Следователь поднялся, потер довольно руки и пружинящей походкой прошелся по комнате. Уставившись на портного, он воскликнул победно:

– Quod erat demonstarndum!

– Что-что? – Арон Яковлевич приподнял брови, да так и застыл в недоумении.

– Что и требовалось доказать! Вот я вас и уличил, господин Супостат! Вы только что сами себя выдали.

Закройщик промямлил вопросительно:

– Выдал? Я? Как?

– А очень просто! – всплеснул следователь руками. – Откуда вы могли знать время убийства Вяземской, если вы не были в числе лиц, приглашенных на спиритический сеанс?

Шнеерзон выдохнул облегченно и объяснил:

– В этом нет ничего удивительного-с. Пелагея Дмитриевна мне говорила, что журфиксы у Фаины Мелентьевны всегда заканчиваются в одиннадцать. А в полночь она уже спит, потому что, по мнению нашей хозяйки, от долгого бодрствования появляются ранние морщины.

Следователь хотел что-то сказать, но в нерешительности остановился. Подумав несколько секунд, он погладил плешь и проронил:

– Ладно, положим, я вам поверил. А где вы были в пятницу, тринадцатого, между пятью и шестью часами пополудни?
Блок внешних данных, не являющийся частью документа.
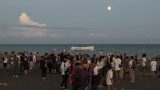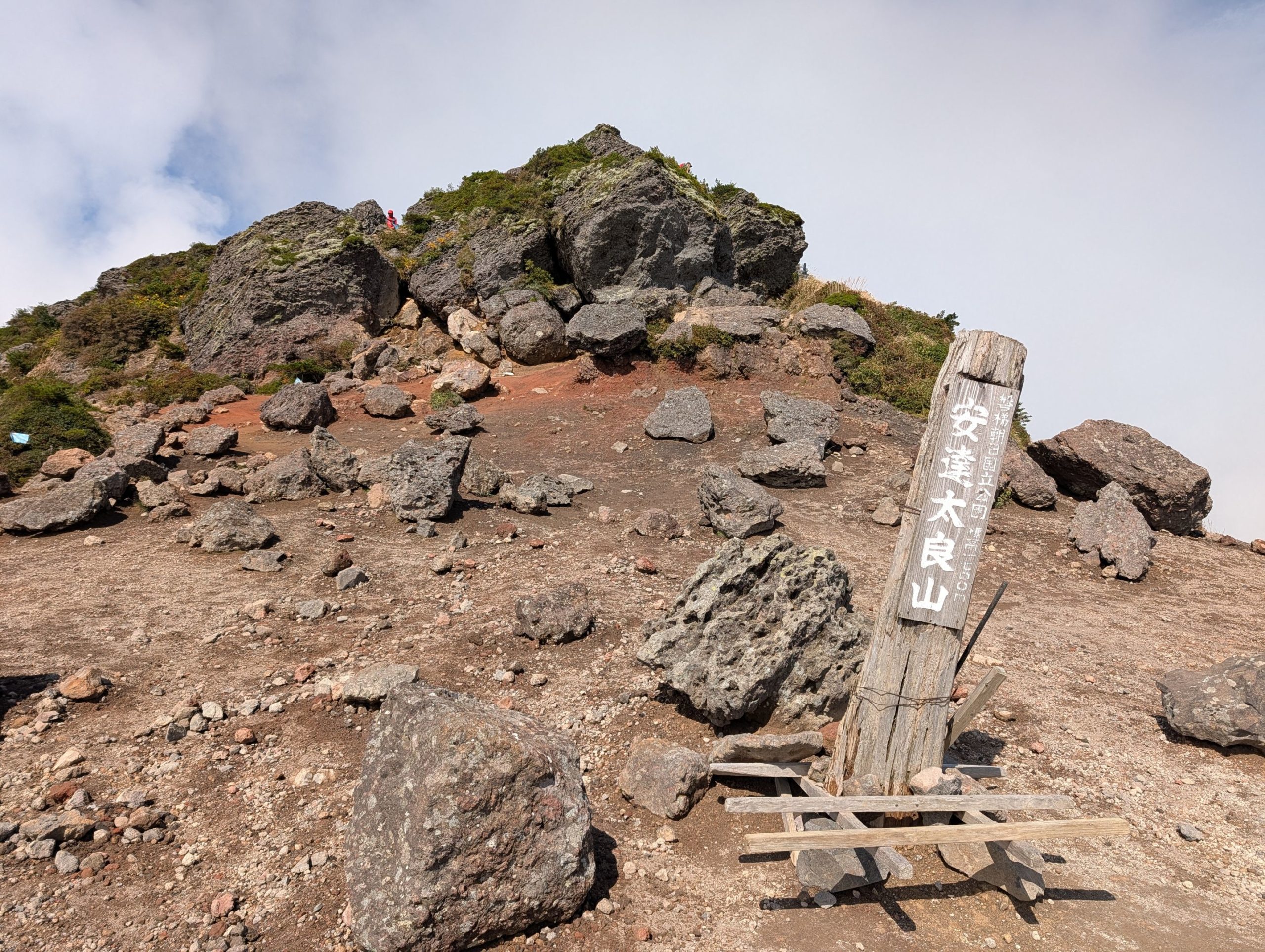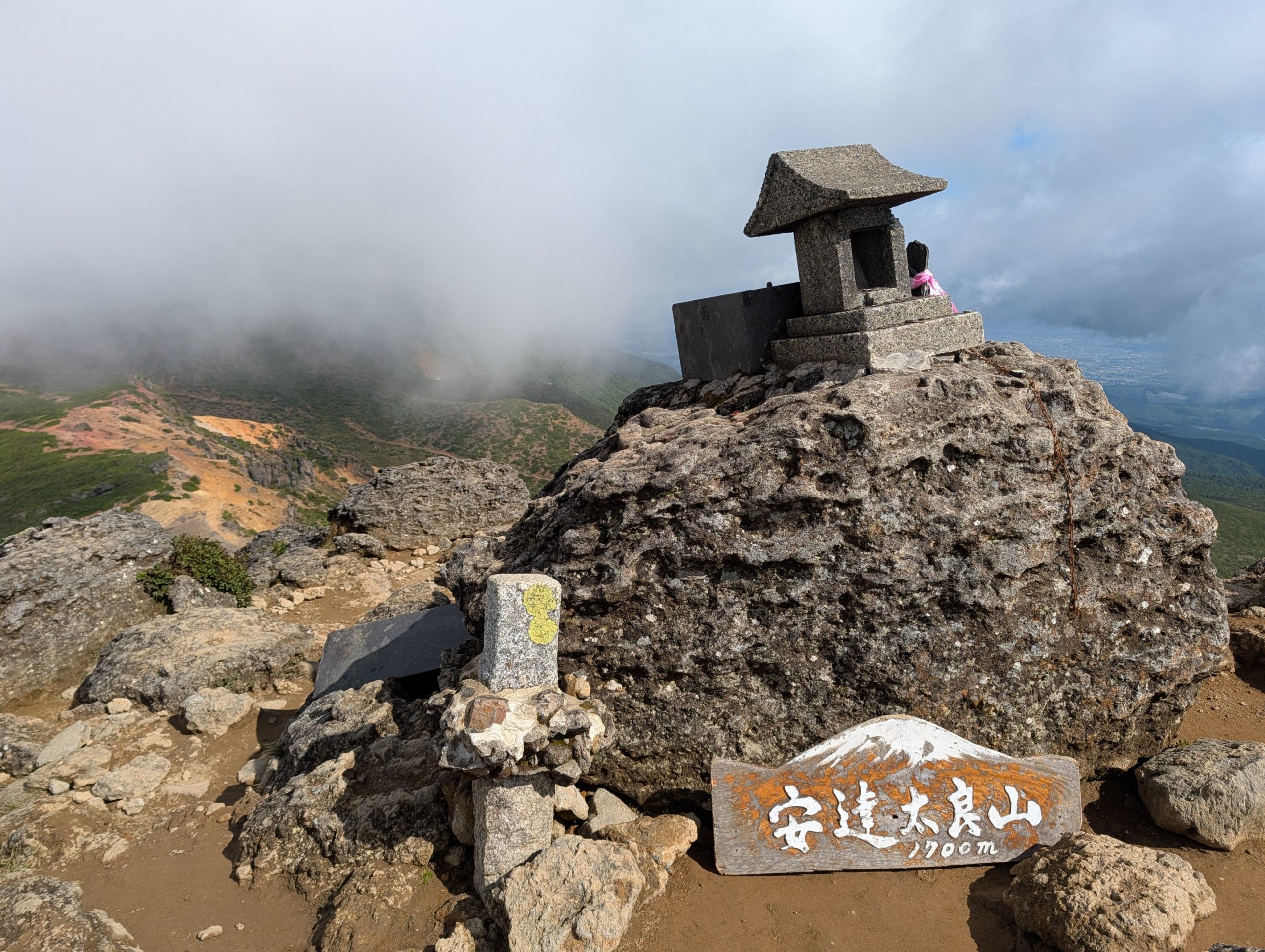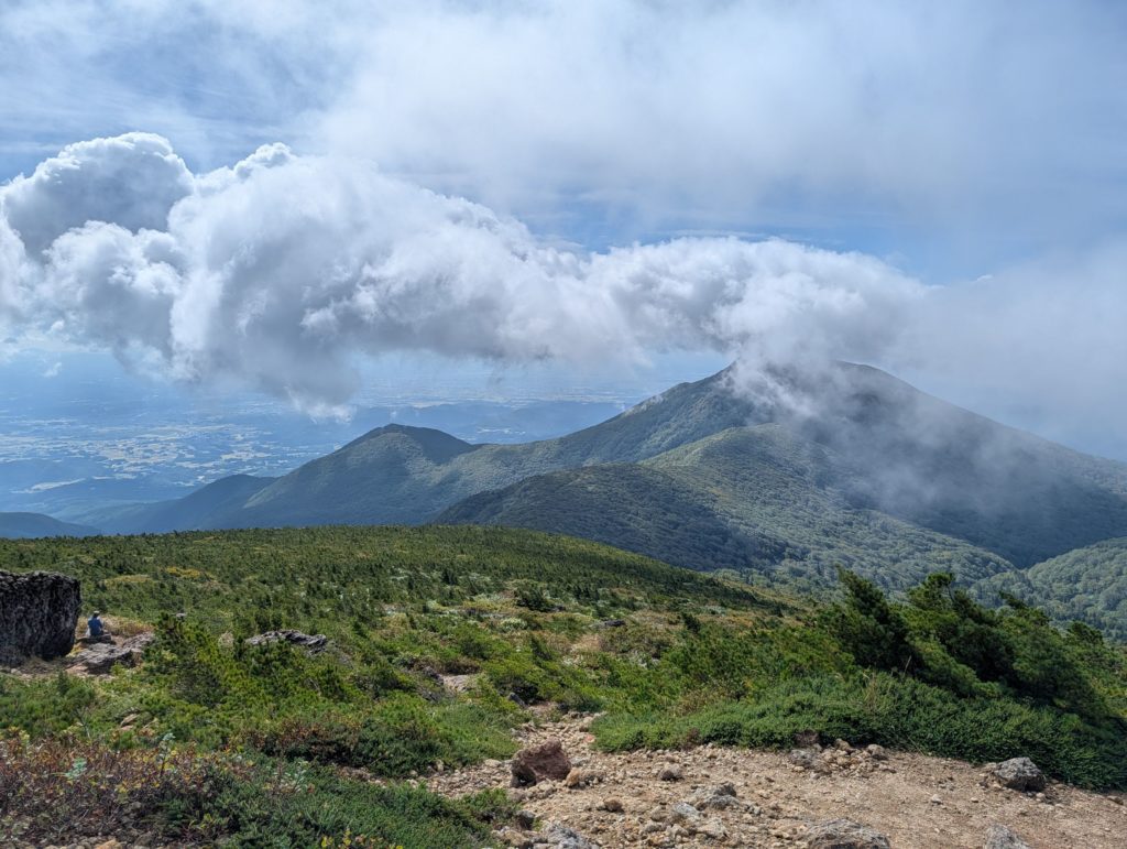 安達太良山山頂に到着、先程までの猛烈な風が嘘みたいな状態。というかロープウェイ側から軽装で上ってきている人たちの様子を見る限り、どうやら猛烈な風が吹き荒れていたのは蜂の辻あたりだけだったのかも。山頂ははしごを登り、ちょっとした岩を登る必要があるので、そこまで登る人もいれば、その下に設置された山頂標識で記念撮影をしている人もいました。こちらは風も無く、穏やかな日差しがあり、お腹も空いたのでおにぎりやお菓子を食べてのんびりと眼前に広がる雄大な景色を楽しみました。
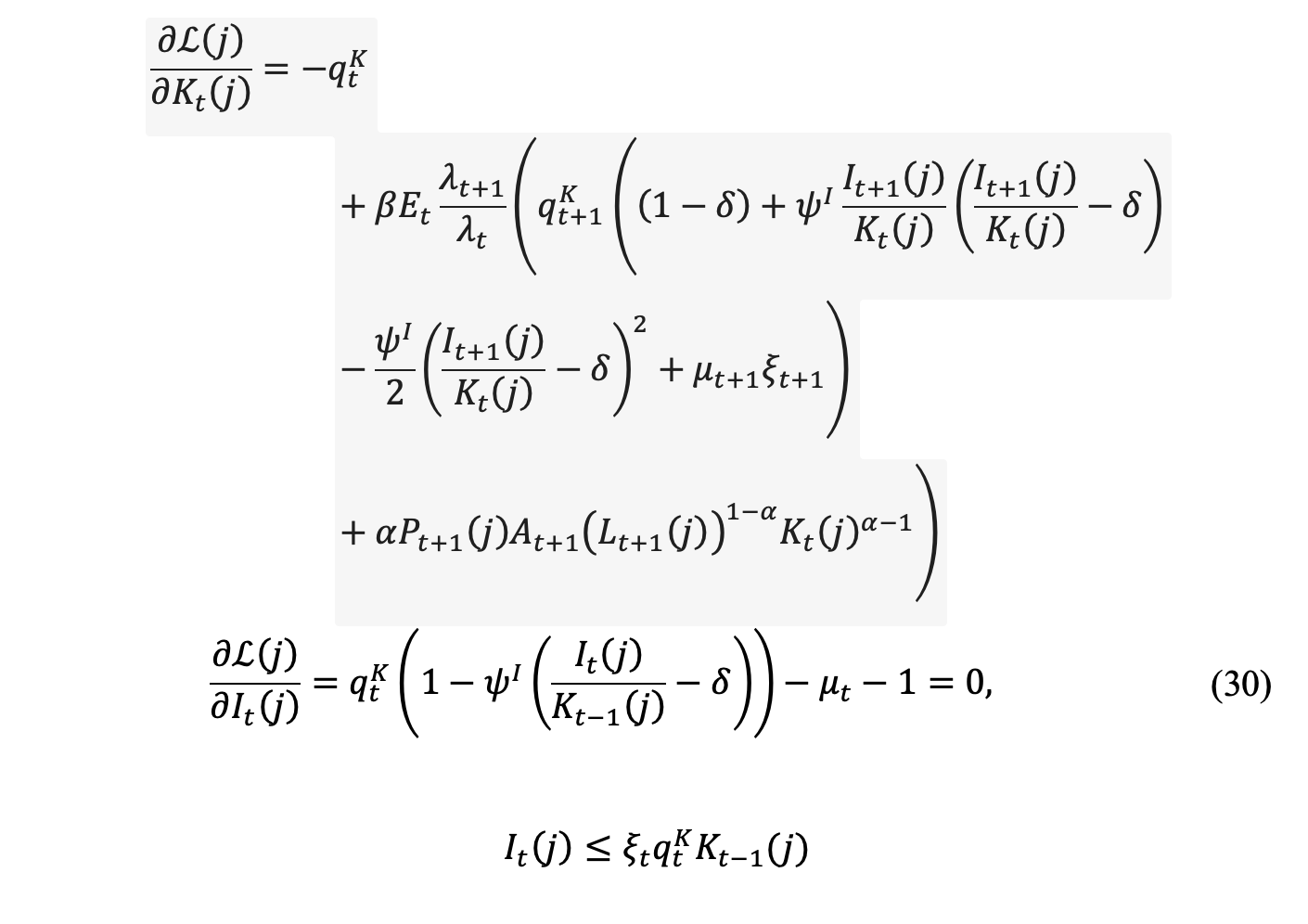 I also don’t know how to detrend these three FOCs for capital, investment, and the credit constraint (photo 2). Suppose that for investment, the decomposition into trend and cycle looks like (I_t = A_t \cdot i_t), and for capital (K_t = A_t \cdot k_t). But for these three variables, I don’t understand how to decompose them: (q^k_t) – the price of capital, (\mu_t) – the Lagrange multiplier for the credit constraint, and (\xi_t) – the borrowing limit. I model (A_t) as a non-stationary process.
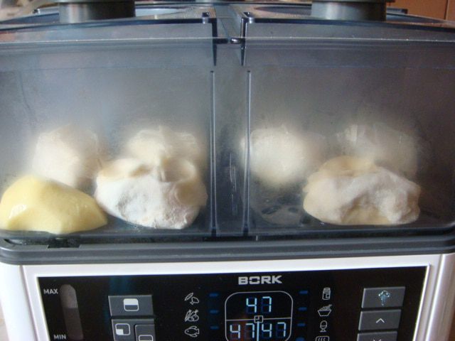 Уложить в пароварку на 45- 50 минут (я поставила 50 мин., т. к. налила холодную воду).
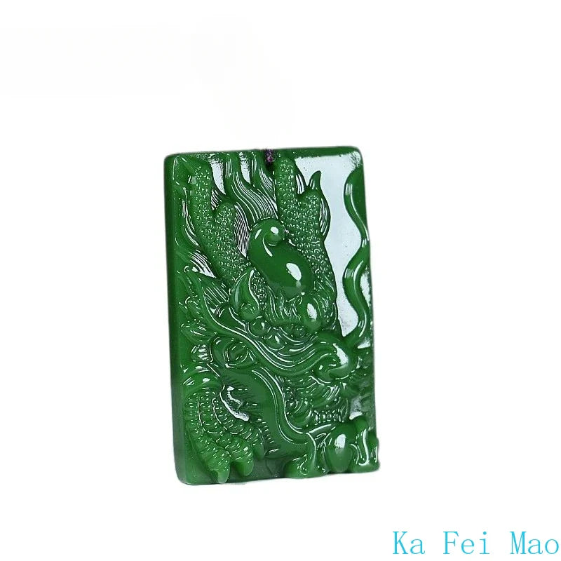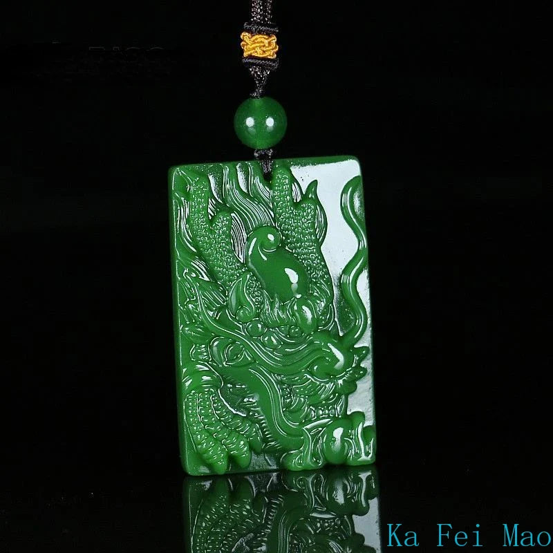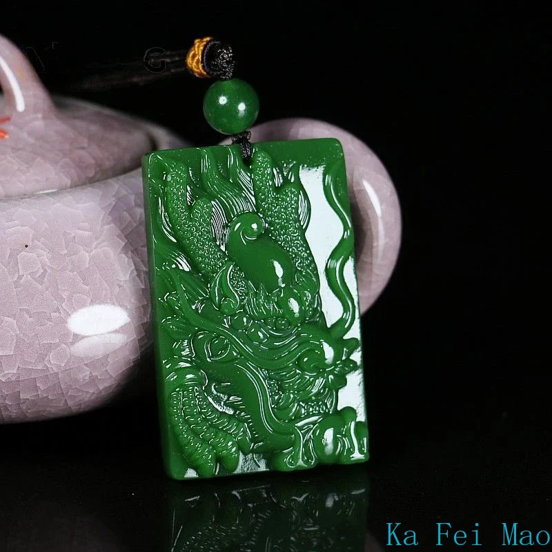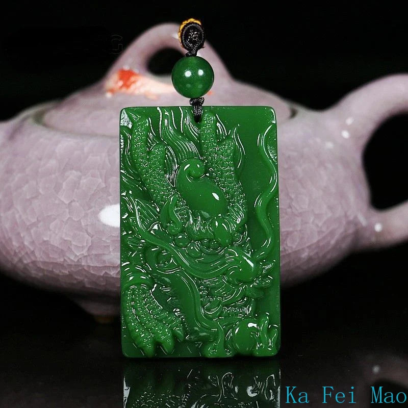 Natural Hetian Jade Dragon Pendant – Hand-Carved Jasper Zodiac Necklace for Men & Women
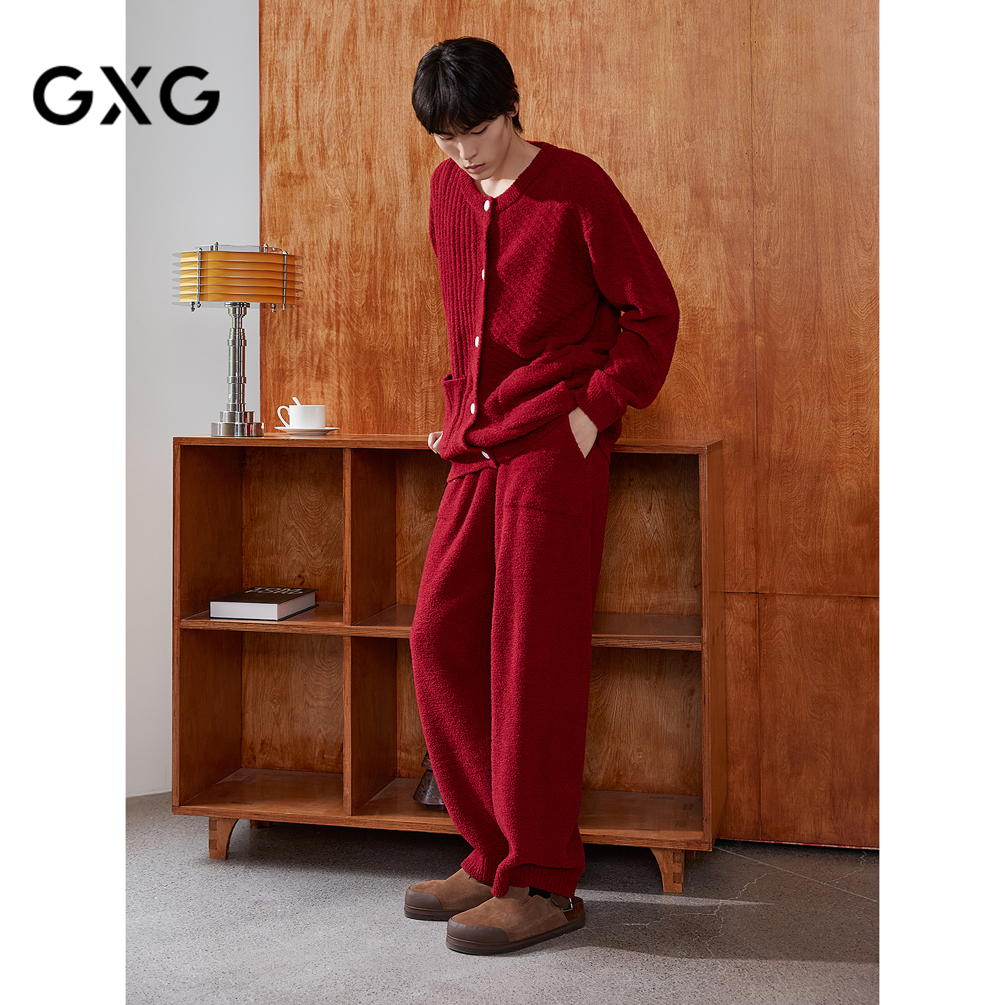 长袖 红色肌理圆领开衫 保暖舒适睡衣套装 冬季 GXG男士 款 家居服

– В ателье-с. К концу недели всегда много работы, потому клиентам удобнее приходить на примерки в выходные. Вот мы и зашиваемся, в прямом и переносном смысле. Вы, господин следователь, легко можете проверить мои слова по журналу посетителей.

– Смогу, не сомневайтесь! – Браз склонился над самым ухом швейного мастера и вкрадчиво прошептал: – Ну а вчера, в котором часу вы ушли домой? Помните?

– Да-с! Около восьми вечера.

Илья Ионович ничего не ответил. Он тяжело упал в деревянное кресло, потер виски, окунул в чернильницу перо и, двигая во время письма губами, точно гримасничая, принялся составлять протокол допроса. Перо скрипело, плакало и от сильного нажима иногда рвало бумагу, но буквы постепенно отвоевывали у белого листа все новое пространство. Когда свободного места на странице почти не осталось, он закончил.

– Соблаговолите расписаться, – сухо проговорил следователь и положил лист перед Ароном Яковлевичем.

Мастер швейного дела пробежал глазами по строчкам и промямлил испуганно:

– Боже милостивый! Но я такого и не говорил…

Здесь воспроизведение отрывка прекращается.